Dalam istilah lainnya juga dinamai Dewalaya. Sebagai sentra pemujaan Siwa di
India kalau di daerah Uttar Pradesh ada di daerah Benares atau juga dinamai
kota Kasi. Umat pada umumnya menyebutnya dengan nama kota Siva. Oleh karena di
sana para umat Hindu untuk memuja Bhatara Siwa. Nama Mandirnya adalah Viavanath
Mandir. Ada juga sebuah tempat suci yang sangat megah untuk pemujaan Dewa Siwa
yakni Golden Temple yang terletak di tengah-tengah kota Benares di tempat
sungai Gangga.
Selain itu ada
juga beberapa mandir besar lainnya seperti: Somnath Mandir, Kedarnath Mandir,
Mahakaleshwar Mandir, Omkareshwar Mandir, Mallikarjuna Mandir, Vaidhyanath
Mandir atau Baijnath Dham Mandir, Bhismashankar Mandir, Ghushmeshwar Mandir,
Tryambhakeshwar Mandir, Nageshwar Mandir, Setubandha Rameshwar Mandir, dan
sebagainya (Subagiasta, 2002:49-57). Dalam praktek kehidupan beragama Hindu
bahwa pada setiap rumah tangga juga ada untuk pemujaan Dewa Siwa berupa altar
atau sejenis pelangkiran bagi umat Hindu di Bali. Pada masing-masing altar itu
juga disediakan tempat khusus untuk menempatkan sesaji, sarana pemujaan, atau
hal lainnya yang diperlukan. Umumnya disiapkan ruangan khusus yang memang
disicikan.
2.3.4.
Penerapan
Saiva Siddhanta di India
Mengenai
penerapan Saiva Siddhanta di India dapat dilihat dalam praktek nyata dalam
kehidupan beragama Hindu di India secara sosiologis nampak dengan jelas.

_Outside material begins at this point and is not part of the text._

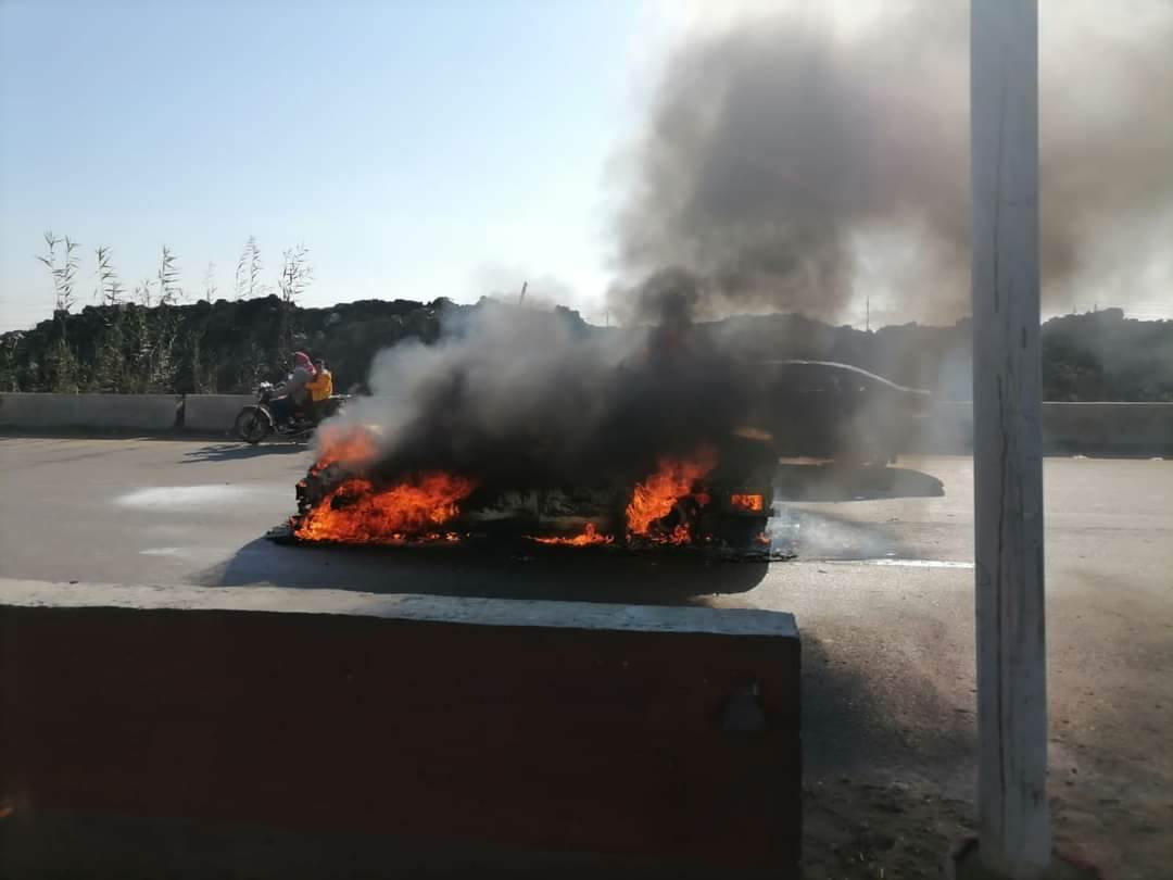بالصور.. إصابة شخص وتفحم سيارة في حادث تصادم بالدقهلية

Kemudian secara religiusnya terlihat dalam praktek pemujaan (upasana atau
puja). Yang paling rutin diterapkan adalah di suatu mandir, baik ditingkat
perseorangan maupun dalam kondisi komunal. Ada dua cara dalam penerapannya yang
dilakukan adalah dengan cara sarana, sadhana, material, upakara, banten/bali,
atau simbol-simbol tertentu yang dinamai pratika atau saguna upasana. Sedangkan
cara penerapan yang lainnya adalah dengan ahamgraha upasana atau nirguna
upasana. Cara ini dilakukan dengan cara meditasi pada patung, arca, pratima,
gambar/citra, dewa-dewi, aksara atau hal yang dapat meningkatkan kualitas
meditasi menuju spiritual yang paramaartha serta parasiwa. Cara pratika upasana
atau saguna upasana adalah bentuk meditasi yang real atau sakala, sedangkan
ahamgraha upasana atau nirguna upasana adalah bentuk abstrak meditasi.
Bilamana
dibandingkan dengan penerapan yang di Indonesia atau di Bali bahwa penerapan
Saiva Siddhanta melaui ritual yang paling banyak dengan konsep panca maha
yajna. Juga atas asas dan konsepsi catur marga. Penerapan di India pun juga ada
kemiripan, karena juga diterapkan panca yajna yakni dewa yajna, manusa yajna,
bhuta yajna, resi yajna dan pitra yajna. Kelihatannya dalam penerapan di India
kesederhanaan dalam berupacara terutama dalam praktek upakara atau sesajen. Di
Indi juga digunakan banten yang dinamai Bali namun masih tergolong lebih
sederhana, tetapi bukan berarti lebih irit, tentu itu tidak bisa disamakan.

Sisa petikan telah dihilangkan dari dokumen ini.